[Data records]

= = = =

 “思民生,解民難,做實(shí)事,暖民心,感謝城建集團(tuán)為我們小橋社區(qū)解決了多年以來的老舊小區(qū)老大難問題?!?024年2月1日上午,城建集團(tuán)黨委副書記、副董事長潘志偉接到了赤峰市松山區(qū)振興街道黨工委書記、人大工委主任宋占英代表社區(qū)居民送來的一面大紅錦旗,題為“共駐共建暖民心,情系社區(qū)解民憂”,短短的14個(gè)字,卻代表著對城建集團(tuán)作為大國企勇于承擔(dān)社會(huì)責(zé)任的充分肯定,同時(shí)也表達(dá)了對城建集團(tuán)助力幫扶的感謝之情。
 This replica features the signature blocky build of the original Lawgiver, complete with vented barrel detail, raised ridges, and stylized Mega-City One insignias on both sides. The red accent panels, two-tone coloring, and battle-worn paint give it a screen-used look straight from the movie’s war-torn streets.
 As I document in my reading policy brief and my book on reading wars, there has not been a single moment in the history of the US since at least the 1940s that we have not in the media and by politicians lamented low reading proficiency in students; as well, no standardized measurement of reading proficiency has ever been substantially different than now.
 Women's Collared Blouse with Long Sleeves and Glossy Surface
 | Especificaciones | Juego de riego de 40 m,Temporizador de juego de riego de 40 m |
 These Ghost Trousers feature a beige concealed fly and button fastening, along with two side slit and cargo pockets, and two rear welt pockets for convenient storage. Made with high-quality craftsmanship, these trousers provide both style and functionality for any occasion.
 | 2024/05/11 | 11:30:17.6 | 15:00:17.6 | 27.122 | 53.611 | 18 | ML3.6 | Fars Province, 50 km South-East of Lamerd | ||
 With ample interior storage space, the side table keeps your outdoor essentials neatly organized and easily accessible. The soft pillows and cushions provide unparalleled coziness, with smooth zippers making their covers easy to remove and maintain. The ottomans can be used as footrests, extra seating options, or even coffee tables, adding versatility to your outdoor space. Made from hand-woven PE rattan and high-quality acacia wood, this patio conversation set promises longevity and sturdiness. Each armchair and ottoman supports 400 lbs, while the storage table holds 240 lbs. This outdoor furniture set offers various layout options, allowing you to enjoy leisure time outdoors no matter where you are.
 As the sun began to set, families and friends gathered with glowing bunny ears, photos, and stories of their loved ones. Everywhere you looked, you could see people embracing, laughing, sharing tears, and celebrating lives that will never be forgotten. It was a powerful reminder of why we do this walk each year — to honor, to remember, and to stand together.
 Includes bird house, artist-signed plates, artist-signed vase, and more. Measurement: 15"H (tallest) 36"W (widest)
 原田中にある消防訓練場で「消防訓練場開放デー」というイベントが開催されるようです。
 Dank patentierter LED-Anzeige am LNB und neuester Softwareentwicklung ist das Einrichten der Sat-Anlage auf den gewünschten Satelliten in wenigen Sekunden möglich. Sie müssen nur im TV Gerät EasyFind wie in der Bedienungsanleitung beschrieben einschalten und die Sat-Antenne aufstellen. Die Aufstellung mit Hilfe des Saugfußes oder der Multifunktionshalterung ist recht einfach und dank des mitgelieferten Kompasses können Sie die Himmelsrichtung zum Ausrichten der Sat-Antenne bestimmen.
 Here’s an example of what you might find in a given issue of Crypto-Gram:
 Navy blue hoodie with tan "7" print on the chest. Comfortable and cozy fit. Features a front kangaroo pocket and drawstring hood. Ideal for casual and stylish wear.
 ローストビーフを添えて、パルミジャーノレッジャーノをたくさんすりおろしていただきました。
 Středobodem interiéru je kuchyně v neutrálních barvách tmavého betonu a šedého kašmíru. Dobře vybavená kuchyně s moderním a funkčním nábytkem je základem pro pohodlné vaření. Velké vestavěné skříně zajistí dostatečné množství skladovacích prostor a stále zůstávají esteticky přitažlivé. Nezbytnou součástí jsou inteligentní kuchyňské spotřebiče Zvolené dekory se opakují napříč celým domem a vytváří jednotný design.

= = = =

### TASK DESCRIPTION
Copy every line in the data above that has the string "both" in it.

### ANSWER TO THIS TASK
 This replica features the signature blocky build of the original Lawgiver, complete with vented barrel detail, raised ridges, and stylized Mega-City One insignias on both sides. The red accent panels, two-tone coloring, and battle-worn paint give it a screen-used look straight from the movie’s war-torn streets.
 These Ghost Trousers feature a beige concealed fly and button fastening, along with two side slit and cargo pockets, and two rear welt pockets for convenient storage. Made with high-quality craftsmanship, these trousers provide both style and functionality for any occasion.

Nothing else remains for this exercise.